Over the past week, Snowflake has been all over the news, and not just on sites about technology and software. CNBC and other major news outlets watched the company’s IPO carefully, and it turned out to be a record-breaking first day on the market, with Snowflake’s valuation ending up at $70 billion after its stock soared 112%. Shares dropped the following day, and critics now say that Snowflake lost an opportunity to invest more money in the business itself. Regardless of your opinion on the traditional IPO process and Snowflake’s results, its investors and executives are certainly happy right now.
But why is Snowflake important? What does the company actually do, and what does their success tell us about the future of SaaS?
In the simplest terms, Snowflake provides cloud-based data lakes to move data that is currently in siloes into a single place. They take enterprise data stores and move them into the cloud, where they are no longer siloed and are more accessible. Snowflake has competitors—they are far from the only company providing this service—but they sell their offering as a full service with little work required on the part of the client: DWaaS (Data Warehouse as a Service). Cloudera is the product most often directly compared to Snowflake, with the main difference being that Snowflake runs on Amazon Web Services and Cloudera runs on Hadoop.
Snowflake’s success indicates two important things about the future of SaaS.
The cloud is the norm.
A couple of decades ago, storing data in the cloud was an interesting alternative to traditional on-premise data lakes. But the widespread adoption of technologies like those offered by Snowflake signals that cloud-based data lakes are becoming universally accepted among enterprises. Companies are beginning to recognize the advantages of cloud-based data, which provide better security and better accessibility.
More enterprises are offering their products in SaaS form to satisfy the increasing desire among customers for on-demand product access, more speed, and extreme agility. Customers want 24/7 product access on any device, and they want products to work almost instantly. Companies that are based in the cloud are much more able to deliver on these fronts. As far as security, enterprises are coming to appreciate the huge investments that cloud providers are continually making in data protection efforts. The cloud can offer better security through enhanced authentication techniques and a broad range of continually updated security technologies.
Cloud organization is crucial.
As more enterprises move to the cloud, this step is becoming widely recognized as the first in the process of digital transformation. Moving to the cloud certainly benefits companies by enabling them to offer customers speed, agility, and security, but it also sets enterprises up for further digital transformations that can reduce spend and make processes far more efficient, saving on costs.
Once data is stored in the cloud, it can be organized so that automation technologies are able to leverage it. The end goal might be AI-powered solutions to business problems, but simply structuring cloud-based data can give businesses access to critical information that was hidden by a mess of siloed data in a variety of inaccessible formats: PDFs, various image files, videos, audio, and more.

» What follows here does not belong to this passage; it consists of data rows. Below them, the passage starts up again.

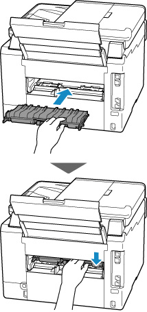 Pastaba- Jei klaida 1300 pasikartoja, dar kartą patikrinkite galinio dėklo tiekimo angą. Jei galiniame dėkle yra pašalinis objektas, žr. 1 patikrinimas dalyje Ką daryti, jei popierius netiekiamas / neišleidžiamas įprastai ir imkitės atitinkamų veiksmų.
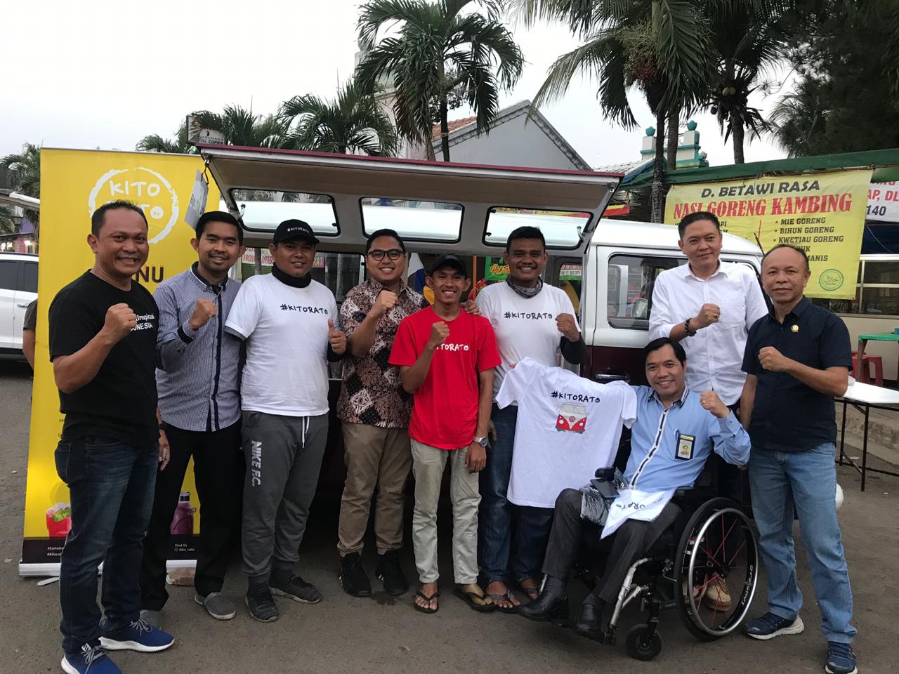 Metrobanten, Tangsel – Tenaga Ahli Madya Kedeputian V Kantor Staf Presiden Sunarman Sukamto dan Fahd Pahdepie, Selasa (4/9/19) mengunjungi ‘mobile cafe’ Kito Rato yang digagas tiga anak muda penyandang disabilitas di BSD, Tangerang Selatan (Tangsel).
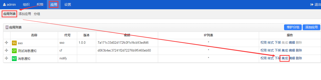 开启应用集成:在应用管理列表进入集成设置页面,启用集成功能,并获取生成的密匙:

Once this data is fully structured, it can be used to create more thorough product catalogs, better search capabilities for customers and employees, more accurate inventory management, and more accurate (and therefore speedier) order fulfillment.
What next?
Snowflake’s success as a DWaaS company heralds a mass migration to cloud-based data lakes for enterprises of all sizes. Because the second step in digital transformation is data structuring, the move to the cloud will increase demand for these structuring services as companies hope to take advantage of their data stores through analysis. Before any analysis of enterprise data can be accomplished, a lot of data preparation efforts are required to normalize and clean data. Even more important, companies will require feature engineering and data structuring for different use cases, so that they can ultimately build predictive models and other AI solutions which will leverage their data to enhance business processes and improve decision making.
Once datasets have been aggregated into a cloud-based Data Warehouse, companies will need access to resources that can structure that data and make them ready for analysis and the training of AI models. That’s where DSaaS (Data Science as a Service) platforms will become valuable. Companies like CrowdANALYTIX will provide services beyond the cloud migration and storage offered by Snowflake and the like, and help enterprises structure their data, automate their data structuring processes, and ultimately implement AI solutions to increase profits, enhance efficiency, and lower business costs.